The cheese course for the evening was represented by a six-month aged Comte with slow-cooked fig and blackcurrant.
Khao Yai Challans duck breast with turnip and red wine-cherry cooking jus.
A soft meringue on a stewed rhubarb with tarragon cream and candied rhubarb granite serves as a perfect pre-dessert treat.
The dinner wrapped up with a rich baked chocolate tart, made from Alain Ducasse Manufacture in France, topped with toasted cocoa nibs.
To complement the dinner, wine pairing costs 2,950 baht for five glasses and 4,250 baht for seven glasses.
Lunch is offered through a 5-course seasonal menu, priced at 2,550 baht. A drink package with two mocktails, water and a choice of coffee or tea costs 650 baht; and two glasses of pairing wine cost 1,150 baht.

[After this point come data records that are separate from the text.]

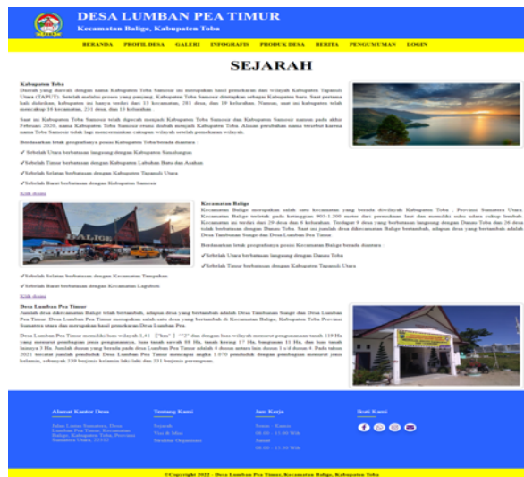
Gambar 6. Halaman Profil Desa

Halaman profil desa ini berfungsi untuk menampilkan gambaran tentang Desa Lumban Pea Timur.
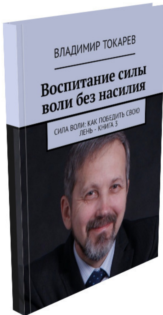
Рис. 8. А стал я, будучи по образованию физиком и кандидатом технических наук, консультантом по управлению и автором книг по менеджменту.
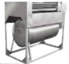
熱交換機 短時間、低消費でブース内温度を上げ
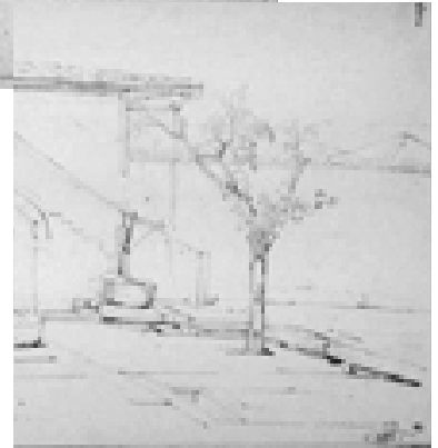
Δεξιά: Σχέδιο σμυρναϊκής οικίας, Montfort 1837

γράφος ο οποίος έμαθε να μιλάει αραβικά, ντυνόταν όπως οι ντόπιοι, ταξίδευε με τα καραβάνια και κοιμόταν σε σκηνή. Οι μελέτες του είναι τίμια, αντικειμενικά ρεπορτάζ, όχι ηρωικά και αποδίδουν μία σωστή εικόνα ανάμεσα στους υπόλοιπους Οριενταλιστές ζωγράφους».
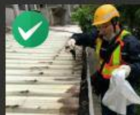
定期清理阻塞的天溝， 保持暢通，避免積水
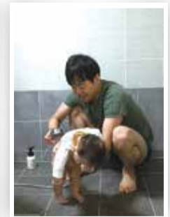
내 아들은 소중한니까!
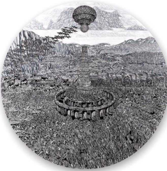
"Follow the Water IV", 2019, tuval üzerine akrilik mürekkep, 250 cm.

bakmak gerekiyor. Bence bakılacak yer, çözümün aranacağı yön çok belli; o da bilim. Doğa ve insan ilişkisi üzerine üretim yaptığınızda otomatik olarak günümüzde yaşanan büyük doğa olayları ile yakından alakadar oluyorsunuz ve bununla ilgili hassasiyetiniz artıyor. Yaşanılan durumlarla paralellik gösteren imgesel bir benzerlik, şans eseri oluştu diyebilirim.
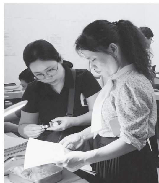
Sở Y tế kiểm tra các cơ sở khám, chữa bệnh trên địa bàn tỉnh - Ảnh: N.H.N
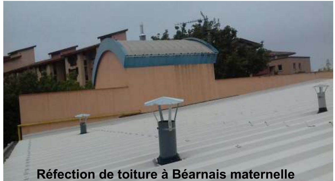
Réfection de toiture à Béarnais maternelle
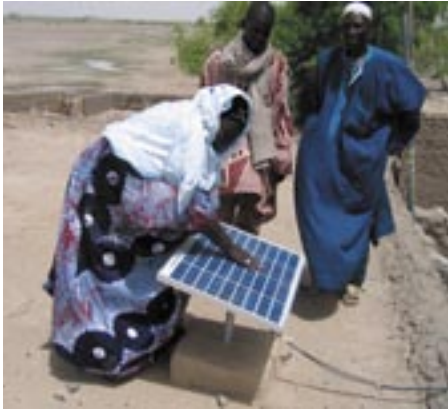
Solcelle hos en familie

Kirkens Nødhjelp har ei beredskapsgruppe med folk som kan påta seg oppdrag hvis det skulle oppstå et akutt behov for personell et eller annet sted i verden. Vanligvis brukes medlemmer i gruppa i forbindelse med katastrofer og nødhjelpsarbeid, men denne gangen er oppgaven min å fylle en ledig stilling ved regionkontoret i Mali i tre måneder.
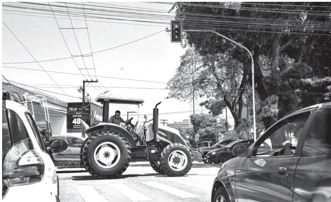
Peso pesado no trânsito
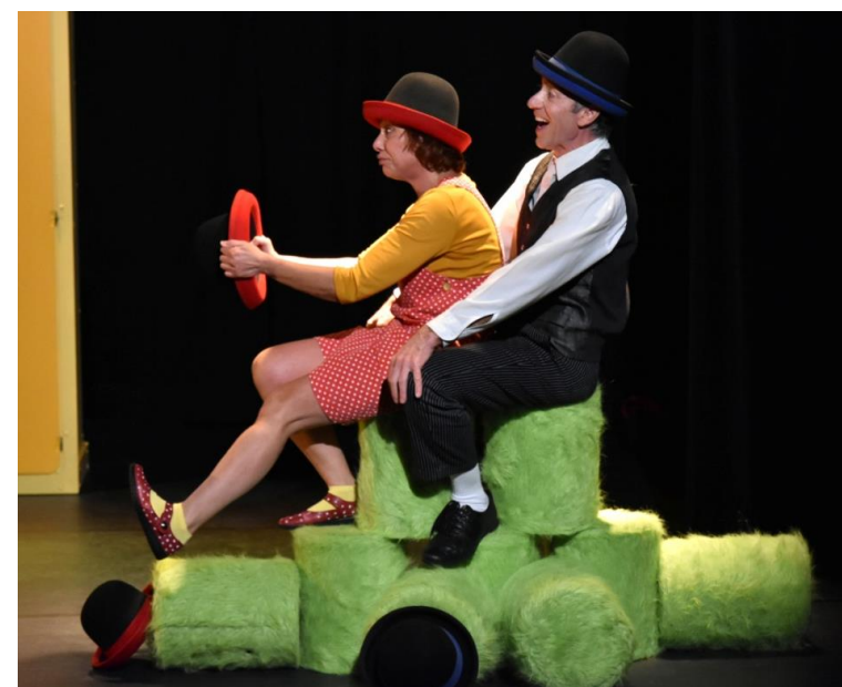
Jonglerie – Acrobatie – Chant – Comédie - Grande illusion
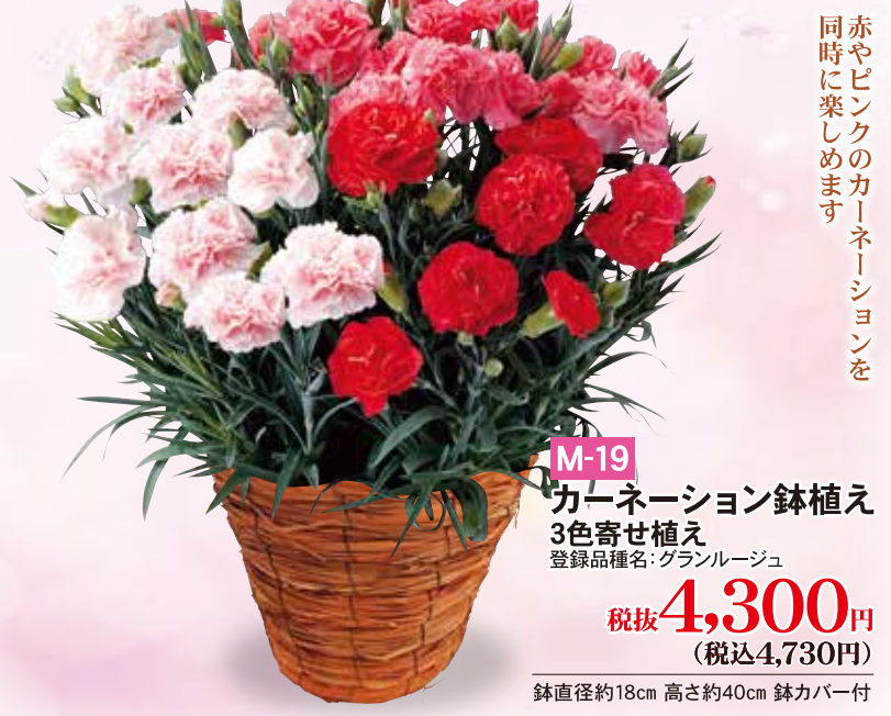
M-19 カーネーション鉢植え 3色寄せ植え 登録品種名: グランルージュ 税抜4,300円 (税込4,730円)
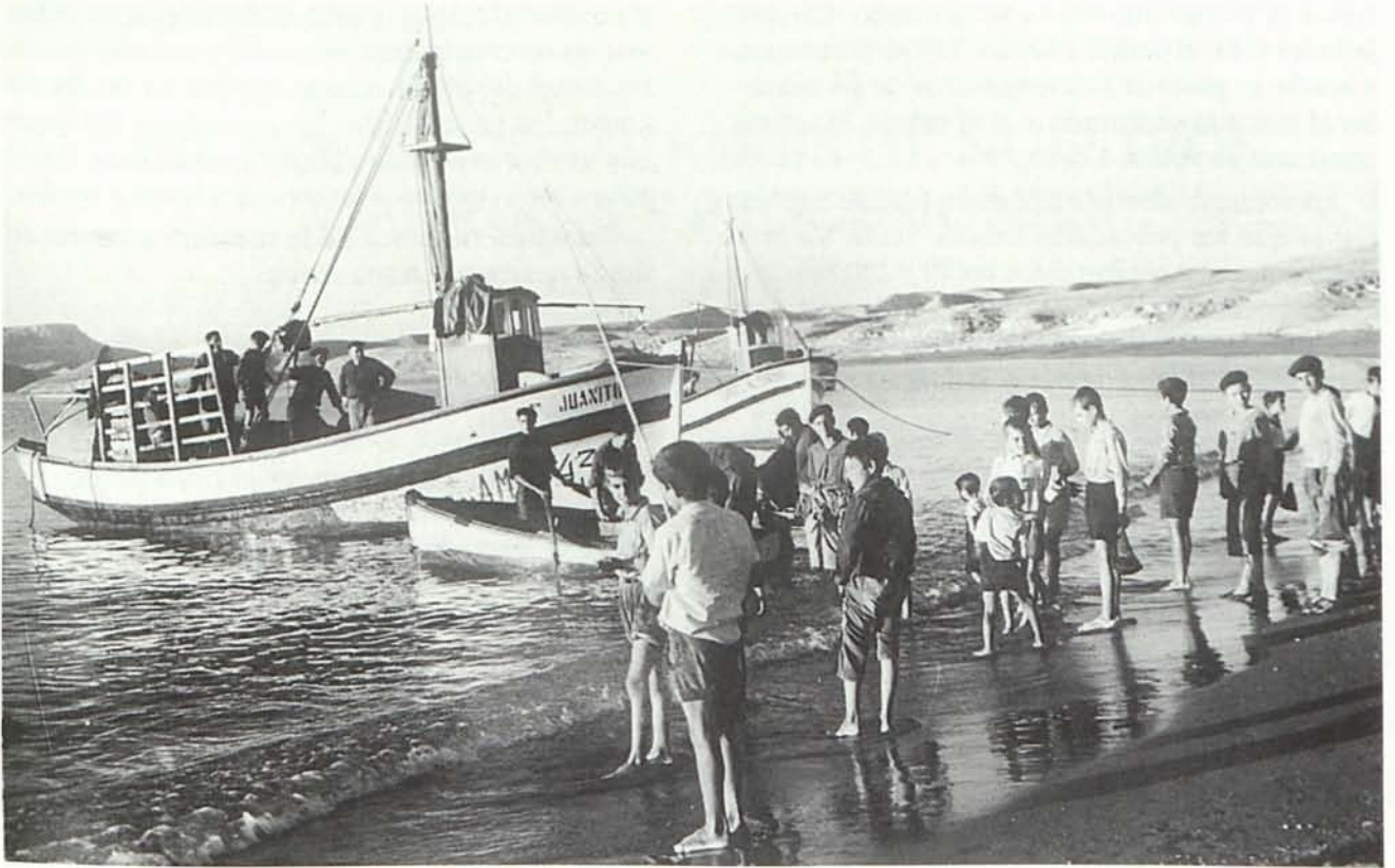
Pescadores en la Playa. Años 50.
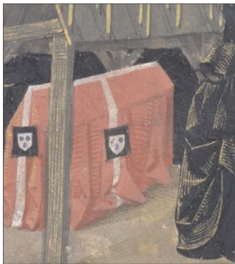
Fig. 13. Manuscrito f. 27v.
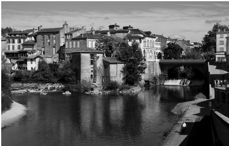
Мон-де-Марсан. 2018.
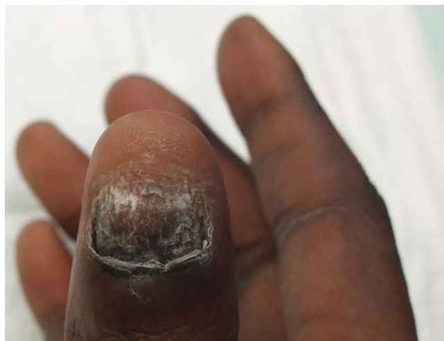
Abb. 6 ▲ Onychomykose durch Trichophyton rubrum bei einem 40-jährigen Schwarzafrikaner. Die Zuweisung war unter dem Verdacht eines ungualel Melanoms erfolgt

Onychomykosen sind die häufigsten Infektionen und auch die insgesamt häufigsten Nagelerkrankungen
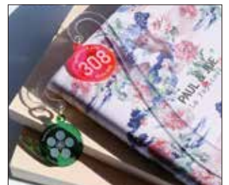
アクリル製ブックマーカー

※公共秩序、公序良俗に反するとみられる内容を含むもの、著作権の侵害に値する制作物等は一切お断りいたします。
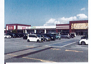
多気クリスタルタウン 約1,300m(車で約2分)
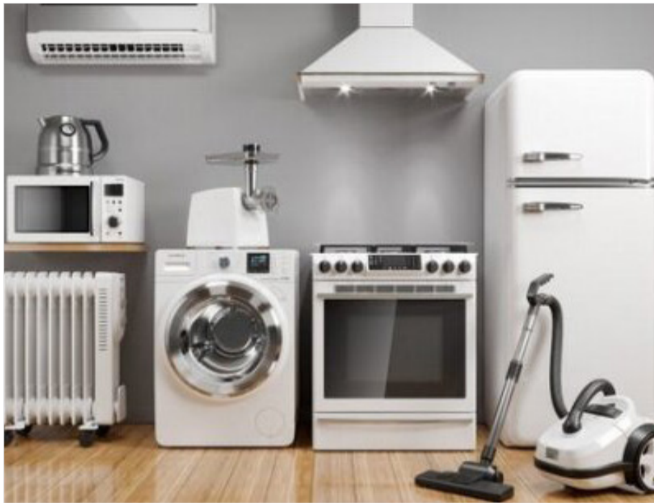
دیدار کل انجمن صنایع لوازم خانگی

نمایندگان مجلس شورای اسلامی با اصرار بر مصوبه خود در طرح اصلاح سازوکار تخصیص قیر رایگان به دستگاه‌های اجرایی برای پیشبرد پروژه‌های عمرانی کشور، آن را به مجمع تشخیص مصلحت فرستادند. به گزارش ایسنا، نمایندگان مجلس شورای اسلامی در جلسه علنی نوبت صبح امروز یکشنبه، طرح اصلاح بندک تبصره ۱ قانون بودجه سال ۱۴۰۲ کل کشور را به منظور رفع ایراد شورایی نگهبان بررسی و بر مصوبه قبلی خود اصرار کردند. بر اساس مصوبه مجلس؛ در سال ۱۴۰۲ وزارت نفت مکلف است معادل مبلغ ۲۰۰ هزار میلیارد ریال نفت خام از محل منابع در اختیار شرکت ملی نفت ایران را در اختیار پالایشگاه‌ها قرار داده و به میزان آن به صورت ماهانه از ابتدای سال ۱۴۰۲ مواد اولیه قیر با ۵۰ درصد قیمت بورس در اختیار دستگاه‌های اجرایی موضوع این بند قرار دهد و در حساب‌های فی مابین خود و خزانه کل کشور اعمال و آن را از محل خوراک تحویلی تسویه نماید. وزارت نفت مکلف است مابه‌التفاوت آن را با تعدیل قیمت ماهانه خوراک از طریق شرکت ملی پالایش و پخش فرآورده‌ها جبران و اعمال حساب نماید. در صورت کاهش قیمت قیر، مقدار قیر تحویلی به دستگاه‌های اجرایی موضوع این بند افزایش می‌یابد. مهلت هزینه‌کرد اعتبار موضوع این بند تا پایان شهریورماه ۱۴۰۳ است. با توجه به ایراد شورای نگهبان برای بار دوم بر روی این طرح و اصرار نمایندگان بر مصوبه قبلی خود، اکنون این طرح به مجمع تشخیص مصلحت می‌رود.
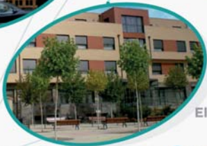
Benilde El Burgo de Osma Soria
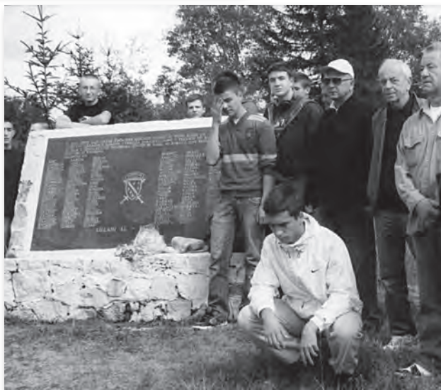
Kraj spomen – ploče šehidima 82. fočanske brigade koji su poginuli na Proskoku jula 1993. godine
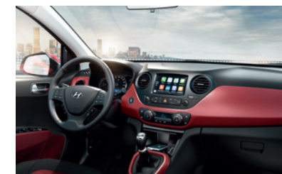
Optional für COMFORT/PREMIUM ohne Aufpreis
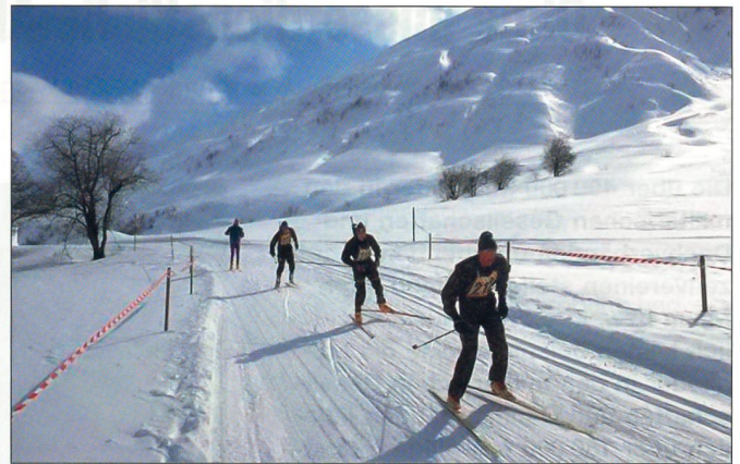
Andermatt, Freiwilliger Winter-Militär-Sportkurs.
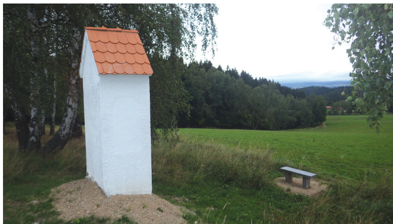
Kaplička na Studánce

Lesy České republiky, s. p., Lesní závod Kladská začal v tomto roce na svěřených pozemcích reali-
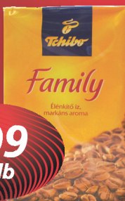
Tchibo Family őrölt kávé 250 g, 1996 Ft/kg
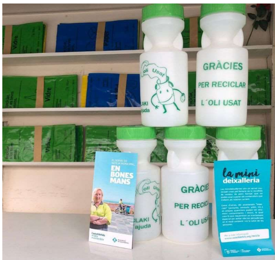
Figura 2. Recipientes destinados a almacenar el aceite de cocina vegetal doméstico distribuido desde los minipuntos limpios.

Por otra parte, desde el mes de marzo de 2019, tanto los minipuntos limpios como el punto limpio, disponen de un nuevo sistema para depositar su aceite usado. Los ciudadanos deben almacenar el aceite de cocina usado en un recipiente facilitado por el propio ente y, al entregarlo en el minipunto limpio, reciben a cambio otro recipiente limpio donde poder continuar depositando dicho residuo. En este sentido, se entrega un recipiente por unidad familiar u hogar.
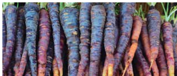
Fig. 3 – Carota di Tiggiano

bianco e con foglie finemente suddivise, e la carota orientale D. carota ssp. sativus var. atrorubens Alef., con radici viola, porpora, rosso o raramente giallastre e foglie scarsamente divise (Small, 1978; IPGRI, 1998).
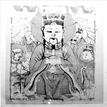
北京特色年画 纸马。

On the Monday evening that I visited, the place was almost at full capacity and the service was impeccable.
- Blue by Alain Ducasse
- Iconsiam, 1st floor
- Charoen Nakhon Road
- Call 02-005-9412 and 065-731-2346
- Opens for lunch and dinner, Thursday to Monday
- Most credit cards accepted
The charcoal-grilled Margaret River Wagyu beef with polenta and sweetcorn.
A complimentary array of carrot taco, celeriac remoulade, smoked salmon tart with ikura and foie gras mousse with crunchy quinoa.
The cookpot with Thai riceberrry, firefly squid and French white asaparagus.